> **Data below**
§ §
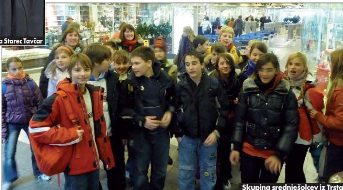
Skupina srednješolcev iz Trsta
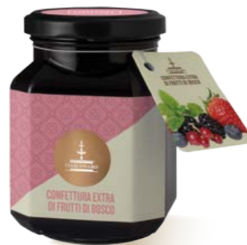
304007 FRUTTI DI BOSCO 360 g
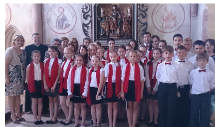
Rust - kościół Fischerkirche
§ §
> **Problem description**
Retype the material in full, exactly as written, and exclude the pictures.

> **Worked solution**
Skupina srednješolcev iz Trsta
304007 FRUTTI DI BOSCO 360 g
Rust - kościół Fischerkirche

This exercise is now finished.